How to monitor the communication between parallel kernels

Question

Recently I increased the problem size in my code, and it scales up very badly using ParallelTable. With a lot of help from the this community, it seems that the problem maybe caused by the communication of large data between the kernels. So is there a way to monitor the communication between these kernels? For example, to see how much data is copied from one kernel to another.

Edit

As requested, here is a example demonstrate the problem:

Clear["`*"]
LaunchKernels[];

I have 16 kernels on my system

$KernelCount
(* ==> 16 *)

define some matrix

m = 30000; n = 640;
a = RandomComplex[{0., 1. + I}, {n, m}];
b = RandomComplex[{0., 1. + I}, {n, m}];

define some function which does some simple algebraic calculation, the detailed can be ignored.

SelectbyWRange[A_, {WMin_, WMax_}, {TakeWMin_, TakeWMax_}] :=
  Module[{lthA, nMax, nMin}, lthA = Length[A];
  nMin = Round[-((-WMax + lthA WMin)/(WMax - WMin)) - ((1 - 
          lthA) TakeWMin)/(WMax - WMin)];
  nMax = Round[-((-WMax + lthA WMin)/(WMax - WMin)) - ((1 - 
          lthA) TakeWMax)/(WMax - WMin)];
  Transpose[{Table[
     TakeWMin + n*(TakeWMax - TakeWMin)/(nMax - nMin), {n, 0, 
      nMax - nMin}], Take[A, {nMin, nMax}]}]]
g[{x_, y_}] := 
 SelectbyWRange[-Im[x*Conjugate[y]], {-834., 834.}, {19.5, 20.5}]

Timing Table, ParallelTable, Map, ParallelMap:

Table[g[{a[[n]], b[[n]]}], {n, 1, Length[a]}]; // AbsoluteTiming
(* ==> {0.390135, Null} *)

ParallelTable[g[{a[[n]], b[[n]]}], {n, 1, Length[a]}]; // AbsoluteTiming  
(* ==> {14.352067, Null} *)

Map[g, Transpose[{a, b}]]; // AbsoluteTiming
(* ==> {1.010789, Null} *)

ParallelMap[g, Transpose[{a, b}]]; // AbsoluteTiming 
(* ==> {8.101203, Null} *)

ParallelTable[
   g[{RandomComplex[{0., 1. + I}, {m}], 
     RandomComplex[{0., 1. + I}, {m}]}], {n}]; // AbsoluteTiming  
(* ==> {0.128660, Null} *)

We can see that ParallelTable[g[{a[[n]], b[[n]]}], {n, 1, Length[a]}] is worst in timing, this maybe because whole a and b have to be copied to each subKernel and thus took long time. Also in the last ParallelTable, there is no data copying from master kernel to subKernels and it has the best performance. As why Table is so fast and ParallelMap is so slow I have no clue. I thought monitor the communication between the kernels maybe helpful in understanding their behaviors.

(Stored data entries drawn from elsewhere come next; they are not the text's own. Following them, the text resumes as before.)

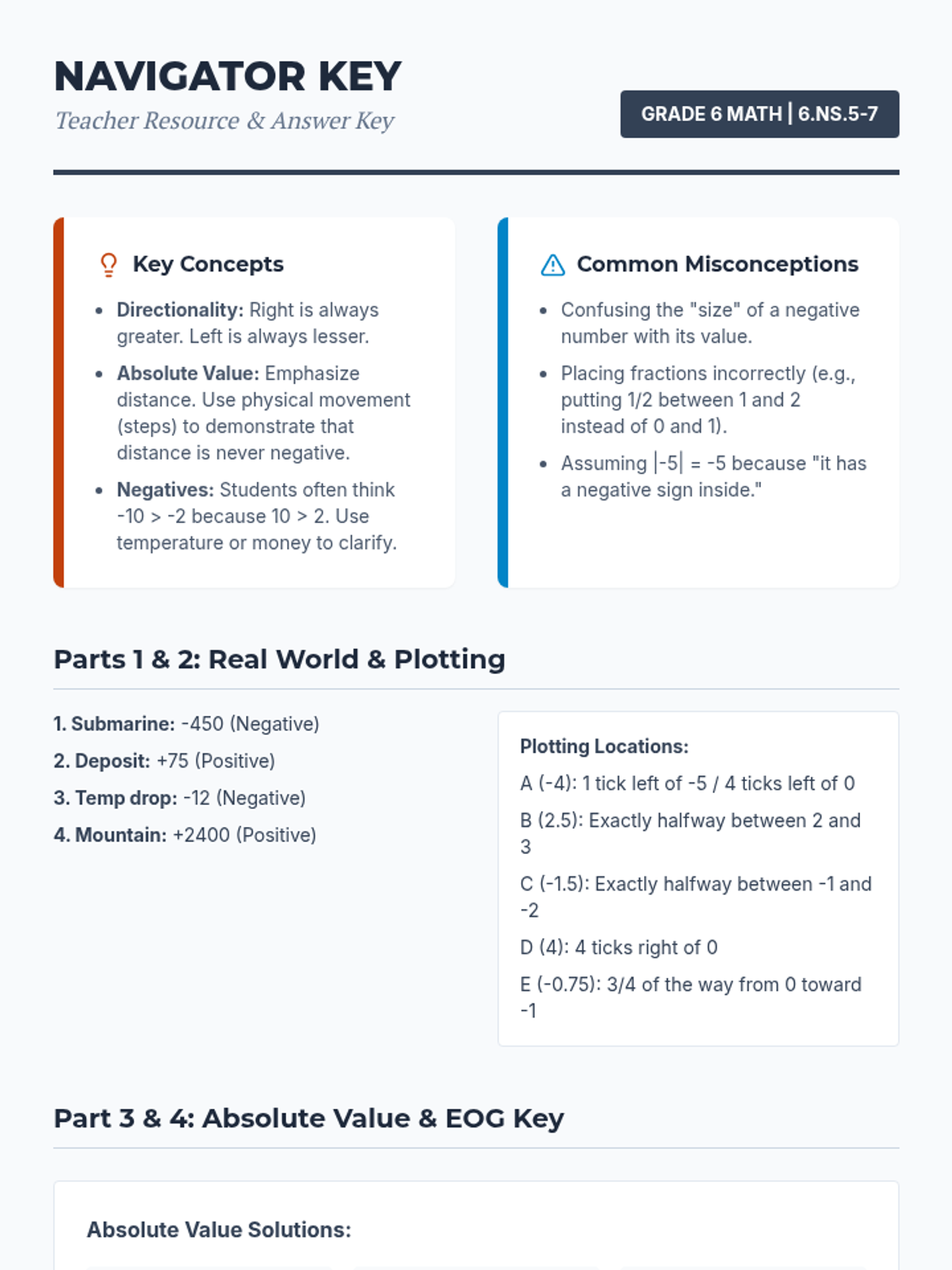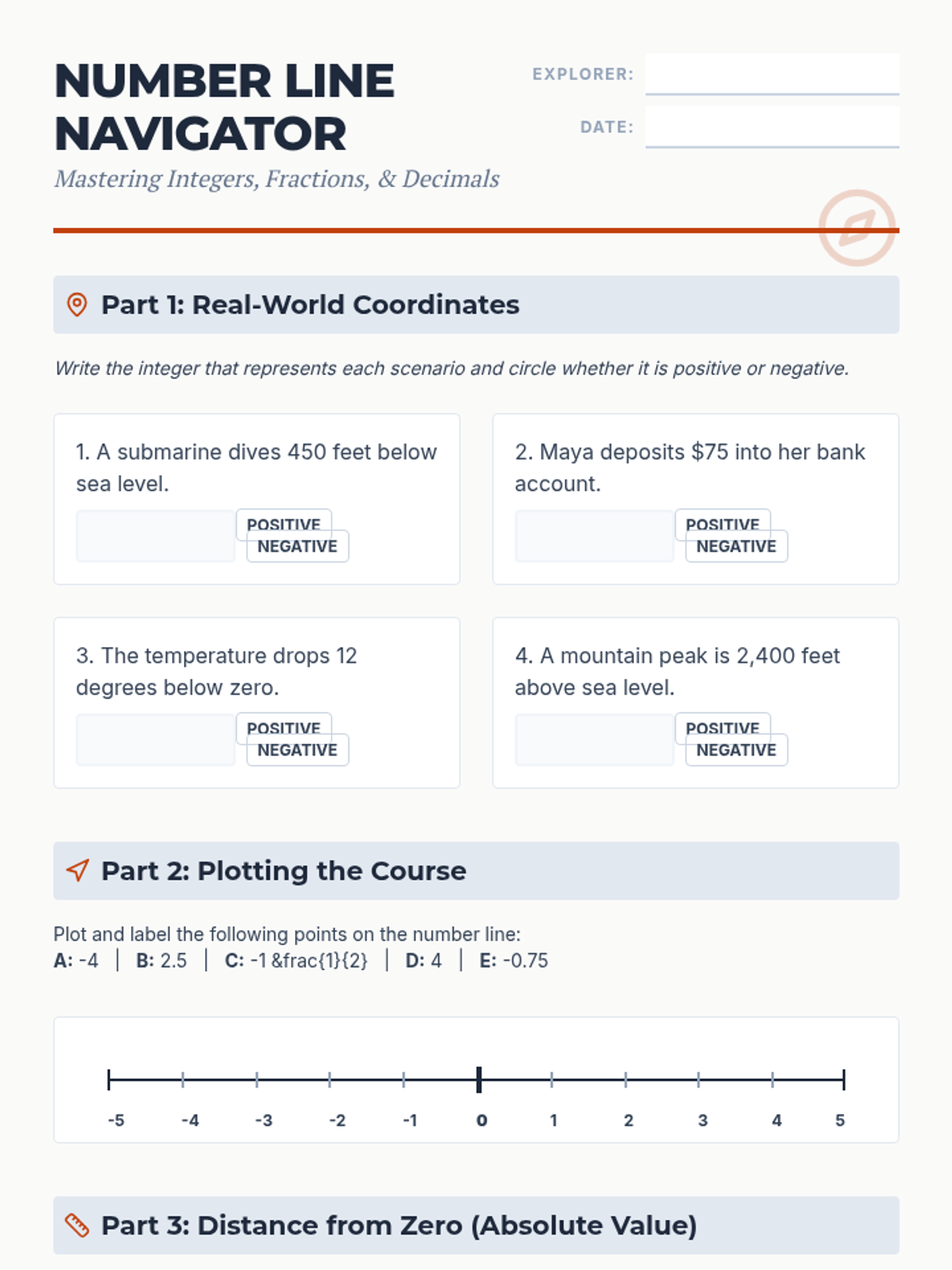 A comprehensive lesson on understanding and placing integers, fractions, and decimals on number lines, including absolute value and comparison of rational numbers. Aligned to NCSCOS 6.NS.5-7.
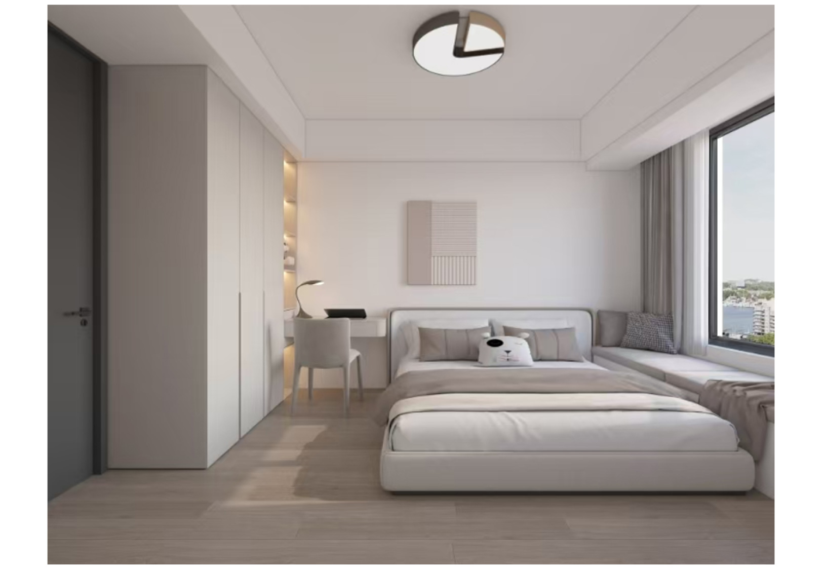 用胡桃木墙板跟灰色碰撞出不一样的火花,既有灰色的清冷,又有胡桃木的温馨,使得整个家充满无限可能。
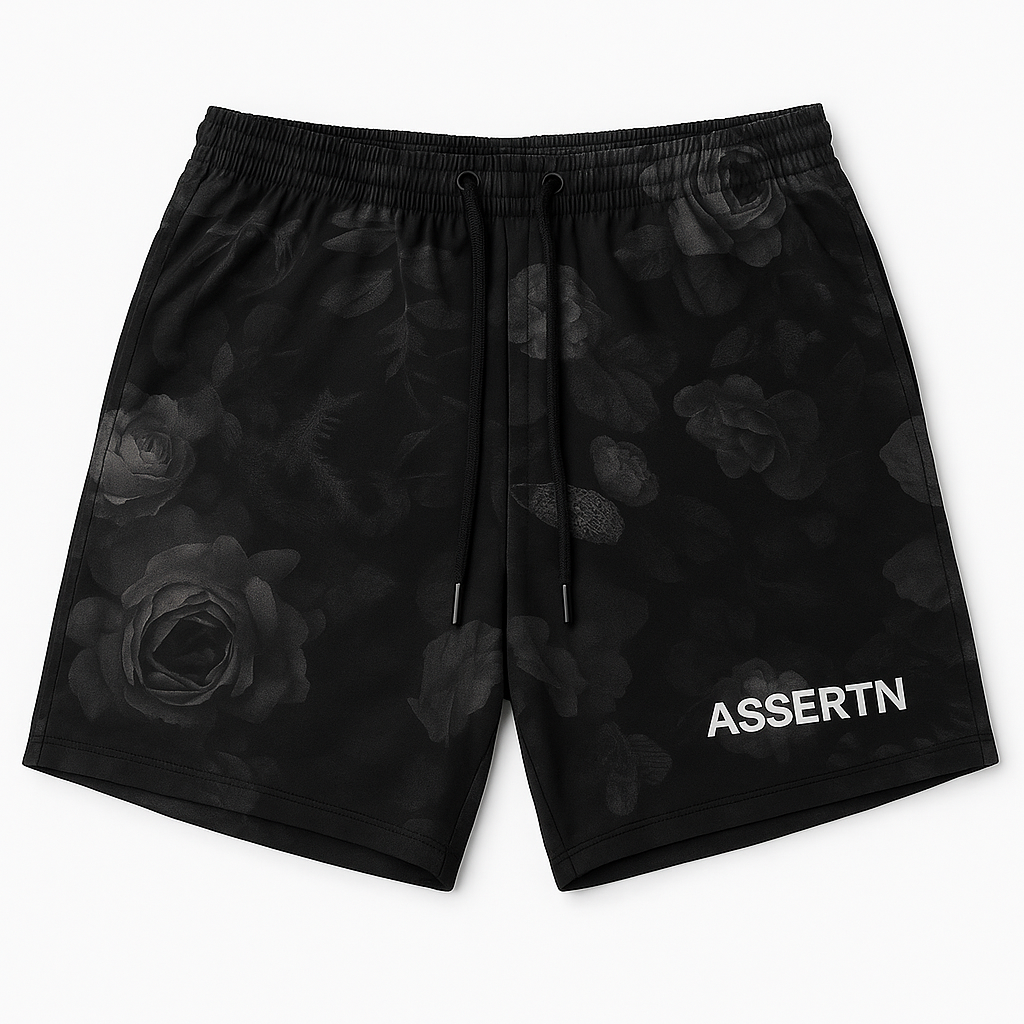 Rose Noir Shorts: Lightweight, breathable shorts with an all-over grayscale rose pattern, finished with subtle ASSERTN branding at the hem. Designed for comfort and edge in equal measure.
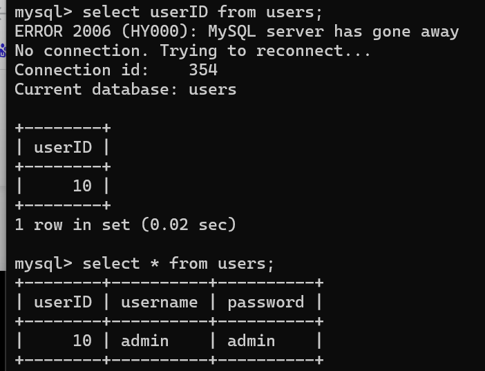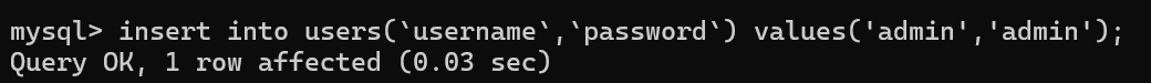insert into users(`username`,`password`) values('admin','admin'),('user1','user1');
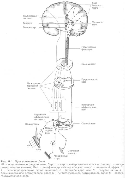 Глава 8 БОЛЕУТОЛЯЮЩИЕ (АНАЛЬГЕЗИРУЮЩИЕ) СРЕДСТВА Причиной острых и хронических болевых ощущений могут быть как органические, так и психогенные нарушения. Боль возникает при повреждающих воздействиях на кожу, слизистые оболочки, связки, мышцы, суставы, внутренние органы. Нередко боль обусловлена нарушением функции самой нервной системы. Это так называемые нейропатические боли, связанные с прямой травмой периферических нервов или мозговой ткани, с ишемией, инфекцией, разрастанием опухолей и т.д. С учетом очень большой распространенности патологических процессов, сопровождающихся болями, которые могут сохраняться месяцами и годами, значимость болеутоляющих средств трудно переоценить. Устранение или облегчение боли анальгетиками улучшает физическое и психическое состояние пациента, что благоприятно сказывается на его профессиональной и социальной жизни. Болевые ощущения воспринимаются специальными рецепторами, которые получили название «ноцицепторы». Они представляют собой окончания древовидно-разветвленных афферентных волокон, расположенных в коже, мышцах, суставных капсулах, надкостнице, внутренних органах и т.д. Повреждающими (ноцицептивными) раздражителями могут быть механические, термические и химические воздействия. Причиной боли нередко является патологический процесс (например, воспаление). Известны эндогенные вещества, которые, воздействуя на ноцицепторы, способны вызывать болевые ощущения (брадикинин, гистамин, серотонин, ионы калия и др.). Простагландины (например, Е2) повышают чувствительность ноцицепторов к химическому (и термическому) раздражению. Вызванные болевым раздражением импульсы распространяются по C- и Аδ-волокнам и поступают в задние рога спинного мозга (рис. 8.1). Здесь происходит первое переключение с афферентных волокон на вставочные нейроны. Отсюда возбуждение распространяется по ряду путей. Один из них — восходящие афферентные тракты. Они проводят возбуждение к вышележащим отделам — ретикулярной формации, таламусу, гипоталамусу, к базальным ганглиям, лимбической системе и коре большого мозга. Сочетанное взаимодействие этих структур приводит к восприятию и оценке боли с последующими поведенческими и вегетативными реакциями. Второй путь — передача импульсов на мотонейроны спинного мозга, что проявляется двигательным рефлексом. Третий путь осуществляется за счет возбуждения нейронов боковых рогов, в результате чего активируется адренергическая (симпатическая) иннервация. Функционирование нейронов задних рогов спинного мозга регулируется супраспинальной антиноцицептивной системой. Последняя представлена комплексом структур, оказывающих нисходящее тормозное влияние на передачу болевых стимулов с первичных афферентных волокон на вставочные нейроны. Например, показано, что электрическое раздражение околоводопроводного серого вещества или парагигантоклеточного ретикулярного ядра либо микроинъекция в
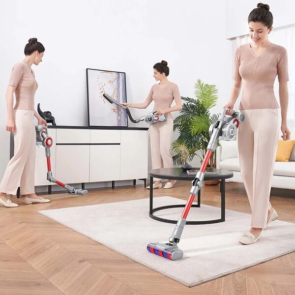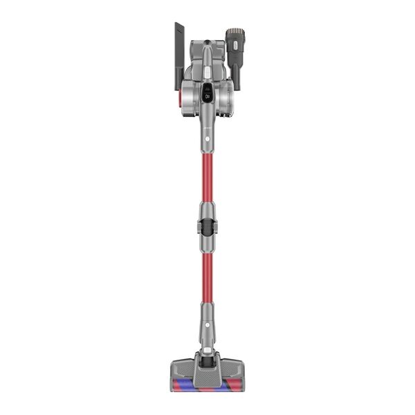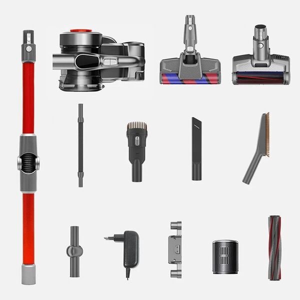 Бесщеточный двигатель с цифровым управлением обеспечивает мощность всасывания 200 Вт. Преимуществом пылесоса является умный датчик пыли, позволяющий менять мощность в зависимости от загрязнения поверхности. Гибкая металлическая трубка поворачивается на 90° вверх и вниз. Технология двойного горизонтального циклона эффективно отделяет пыль от воздуха и снижает потери на всасывании. Может улавливать крупные частицы и до 99,99 % мелкой пыли, избегая при этом вторичного загрязнения воздуха. Светодиодный экран показывает оставшееся время использования, режим очистки, концентрацию пыли и напоминание о неисправности. В автоматическом режиме пылесос может регулировать правильный уровень всасывания для более эффективной уборки и увеличения времени работы в соответствии с изменениями концентрации пыли. Насадки: электрощетка с подсветкой, электрощетка для мягкой мебели, насадка для обивки, щелевая насадка, мягкая щетка. Пылесборник объемом 600 мл.
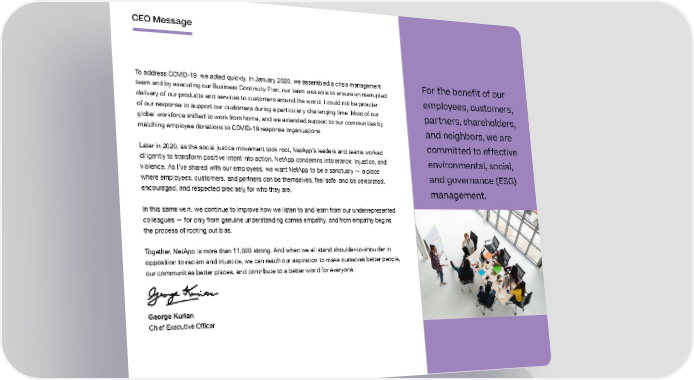 CEO Message To address COVID-19, we acted quickly. In January 2020, we assembled a crisis management For the benefit of our team and by executing our Business Continuity Plan, our team was able to ensure uninterrupted employees, customers, delivery of our products and services to customers around the world; I could not be prouder of our response to support our customers during a particularly challenging time. Most of our partners, shareholders, global workforce shifted to work from home, and we extended support to our communities by matching employee donations to COVID-19 response organizations. and neighbors, we are Later in 2020, as the social justice movement took root, NetApp’s leaders and teams worked committed to effective diligently to transform positive intent into action. NetApp condemns intolerance, injustice, and environmental, social, violence. As I’ve shared with our employees, we want NetApp to be a sanctuary — a place and governance (ESG) where employees, customers, and partners can be themselves, feel safe, and be celebrated, encouraged, and respected precisely for who they are. management. In this same vein, we continue to improve how we listen to and learn from our underrepresented colleagues — for only from genuine understanding comes empathy, and from empathy begins the process of rooting out bias. Together, NetApp is more than 11,000 strong. And when we all stand shoulder-to-shoulder in opposition to racism and injustice, we can reach our aspiration to make ourselves better people, our communities better places, and contribute to a better world for everyone. George Kurian Chief Executive Officer
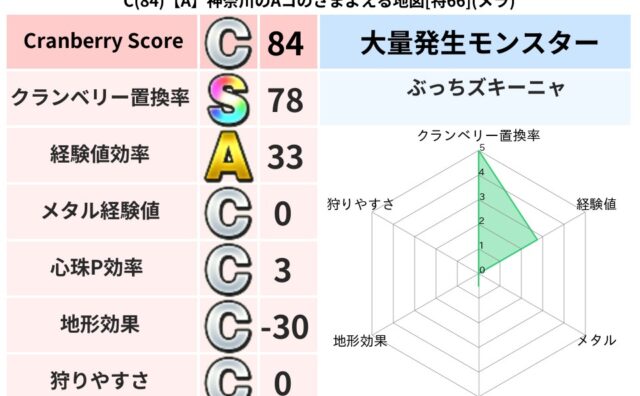 地図判定結果 C(84)【A】神奈川のAコのさまよえる地図[特66](メラ) クランベリーボット判定結果の詳細クランベリースコア84クランベリー置換率78%大量発生モンスターぶっちズキーニャ超耐性メラ(36%)こころ道 完全一致モンスターブラウニー守り人(共通Lv1)どれいへいしドラゴン(人道Lv5)かっちゅうアリ魔... 2024/12/14 19:36 地図判定結果置換率S
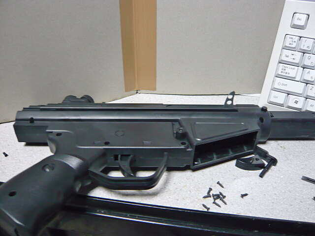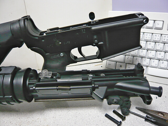 マガジンポートの内側を削るため一旦レシーバーを上下に分割します。後ろ側のテイクダウンピンは金属製ですが前側はプラ製です。ピンの頭じゃない方から力いっぱい押せば抜けるはずです。この辺りは長物エアコキとしては抜群の整備性です。ここから更にバラすのは大変そうですが・・・
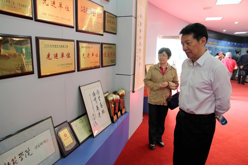 10月19日上午,教育部临床医学专业认证专家组在九江市副市长廖奇志和我校党委书记郑翔、校长甘筱青等领导及相关人员的陪同下参观了我校校史展览。
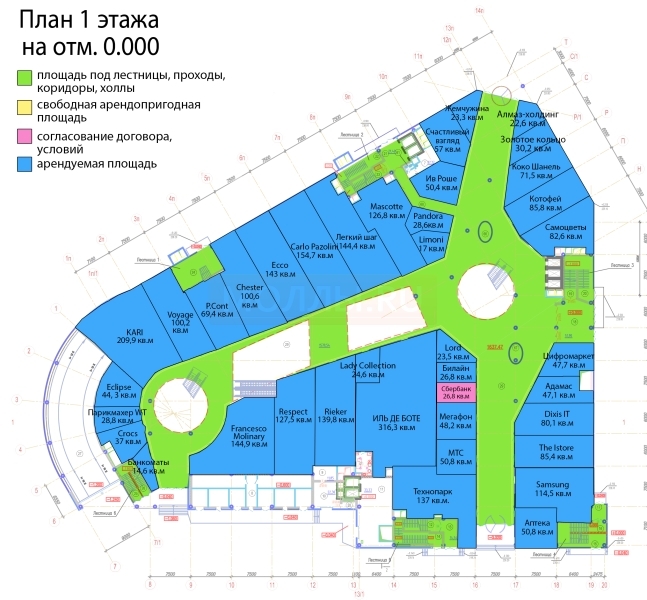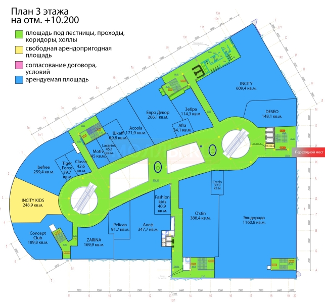 Якорные арендаторы: Love Republic, Bershka, Mohito, Stradivarius, Henderson, Kanzler, Be Free, House, Zarina, Deseo, Incity, Снежная королева, Modis, SubWay, McDonalds, Жар-Пицца, Суши Бар, Крошка-Картошка, Блинкоff, Carlo Pazolini, Эконика, Lord, Иль Де Боте. Гипермаркет Европа, Медиа Маркт.
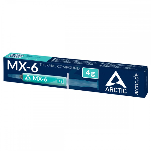 ARCTIC MX-6 è una pasta termica a base di cariche di carbonio e raggiunge le massime prestazioni senza burn-in dopo l'applicazione e la spalmatura. Ottiene le sue prestazioni senza ingredienti pretesi, come la costosa polvere di diamante o varie particelle di metalli preziosi. Il gel di silicone utilizzato come supporto favorisce una distribuzione ottimale, ottenuta grazie a una pressione di contatto uniforme, ad esempio durante il montaggio del dissipatore di calore.

If the kernels are running on different machines, something like http://www.wireshark.org/ might be helpful. If the data is not encrypted, you can even see the content of the packets. Otherwise, you would be able to monitor the size/number of the packets. — Helium, Sep 04 '13 at 04:46
If you want to monitor the communication between kernels running on the same machine and you are using Windows, this link might be useful http://stackoverflow.com/questions/8496388/sniff-inter-process-communication — Helium, Sep 04 '13 at 04:57
It seems to me that the specific question about monitoring may not help you with the real problem. While on can force communication between remote kernels, typically parallel kernels principally communicate only with the master kernel. If you can post a simple diagram of the structure of the calculations. Maybe we can help you rethink where to stage data for parallel kernel use. — Jagra, Sep 04 '13 at 13:11

score 8 · Accepted Answer · answered Sep 04 '13 at 20:57

You can use LinkSnooper to monitor this communication. LinkSnooper is a utility Java program that is included in J/Link. You insert it between two MathLink programs and it transparently shuttles data back and forth between them, printing out the flow in both directions. The programs at each end think they have a MathLink directly to each other, but instead they each have a link to LinkSnooper.

There are a number of ways to get LinkSnooper inserted between two MathLink programs (listen, connect, etc.) but a basic launch-style setup is sufficient for the parallel computing features in Mathematica. Assuming for the moment that you are using local subkernels, Mathematica will normally do essentially this to start up a subkernel:

(* LinkLaunch["mathkernel.exe"] *)

To use LinkSnooper, you convert this into

(* LinkLaunch["java command that launches LinkSnooper and tells it to launch mathkernel.exe"] *)

Here's how I can do this on my WIndows machine.

Needs["SubKernels`LocalKernels`"]

$ConfiguredKernels=
{LocalMachine["javaw -classpath \"" <> FileNameJoin[{$InstallationDirectory, "SystemFiles", "Links", "JLink", "JLink.jar"}] <> "\" com.wolfram.jlink.util.LinkSnooper -kernelmode launch -kernelname \"" <> FileNameJoin[{$InstallationDirectory, "mathkernel.exe"}] <> "\" -feSide Master -kernelSide Sub", 2, LowerPriority->True]}

The 2 above is the original default number of local subkernels on my machine, which I got from the original value of $ConfiguredKernels. On Linux or Mac, use "java" instead of "javaw", and you will probably need to use ' instead of " for quoting paths that have spaces in them. The -feSide and -kernelSide parameters specify the names of the two sides of the link for use during printing.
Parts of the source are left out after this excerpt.